What do you play IF on?

With the Comp in full swing and other recent announcements, I’ve been thinking lately about what kind of devices we use to play IF and what particular kind of IF – parser IF, CYOA, etcetera – we’re playing on those devices. There have been some threads here about the topic but my questions are very general.

So I’d like to take an informal poll of sorts about:

1. What specific platform do you use to play IF – for example, Windows, iOS, Kindle, Android, Nintendo DS, and which phone, tablet, and laptop?

2. How do you rate your experience on those devices, and how would you like to see it improved if at all?

3. What kind of IF are you playing on a particular device? Only CYOA on Kindle? Big Inform games only on PC?

4. What is missing from your platform of choice that you’d like to see?

For myself, I only play on a PC, usually at a desk, which unfortunately takes some of the fun out of playing – I’m keen to find something more suitable but I’d like to survey the landscape a bit first.

I have used the following in recent years:

  • GameBoy Advance SP (the model some fans refer to as the SP2, and what Nintendo just called the SP with a backlight).
  • Nintendo DS Lite
  • Netbook (eeePC), running Windows XP
  • Desktop Computer With Ridiculously Large Monitor, running Windows 7
  • Samsung Galaxy S Smartphone, Android
  • GBA was impressively good; super-portable, impressive keyboard alternative, and the GBA Frotz port could play virtually any z-machine game I could throw at it (a few were slow; most weren’t). Sadly, my GBA died.
  • Nintendo DS Lite is very good; all the benefits of the GBA port with touch-screen advantages. Z-machine only, but excellent for that.
  • Netbook is good. I do more IF-writing on it than IF-playing, but it’s good for both. Of the “real” computers I play on, I use the netbook more than the home desktop.
  • Desktop is okay (once I made the fonts sufficiently huge and grudgingly accepted that Windows Frotz no longer supports widescreen monitors the way it used to).
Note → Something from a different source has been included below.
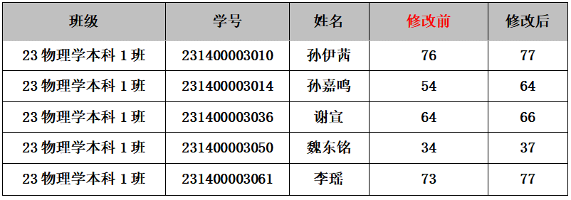 23物理学本科1班孙伊茜等5名同学的成绩经复核发现有错误,其中孙嘉鸣同学是因为合分时少算10分。需退回修改,特此说明。具体修改见下表。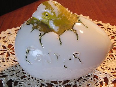 Title (ebay affiliate link): Vintage Milk Glass Chick Hatching From Easter Egg with One Issue

The main thing I’d improve is some kind of toggle in Windows Frotz to let it support widescreen monitors the way it used to :frowning:
  • Smartphone: In theory this would be my favorite device for IF. I prefer playing on small portables, and the phone has Swype, which allows for astonishingly quick “typing” via touchscreen twiddling. But the state of the art in IF 'terps on an Android phone is still “a couple of apps that aren’t 100% there yet …” at least that I know of. Twisty has no Swype support and crashes on a lot of ordinary games. Hunky Punk has Swype support and other nice features but stumbles over long text-dumps due to a scrolling bug of some kind. Support outside z-code is minimal and mostly limited to browser-based stuff instead of native apps.

Only z-code on the portables due to support issues.

My platform of choice would be my Android phone. See above.

I currently play most of my games on either my Windows computer (Laptop, XP), or my Linux computer (Desktop, Ubuntu 10.04), though before I got my current phone, I played on my Palm Treo (Windows CE). I haven’t played a lot of games, but there you have it.
The Windows machine obviously plays anything out there, because everyone uses Windows.
The Linux box will play almost everything, thought it has troubles with a few interpreters (ADRIFT, for one).
I only ever played TADS games on my windows phone, but it worked really well.

Most of the games I’ve played lately have been TADS or just EXEs, since that’s what I’ve been working with the most.

Improvement? Definitely stuff for Android. I have a Droid, and that keyboard would be very useful for text adventures.
More Linux support, too; TADS has a good interpreter, but some others, not so much.
Better online support - the javascript interpreters are great, but I’d like to see something a little more robust (though what, I’ve no idea; Java applets are going the way of the dodo…)
Some sort of wrapper. There are a jillion different interpreters out there (it seems), and trying to figure out what game goes with which interpreter is a right pain. If there were some black box that I could throw a file into, and it would open the correct program automatically, that would be a huge step forward for me. If it would index all the games automatically, that would be even better.

I play on a Linux desktop. No mobile or laptop or kindle or whatever. I’m not interested in getting one either.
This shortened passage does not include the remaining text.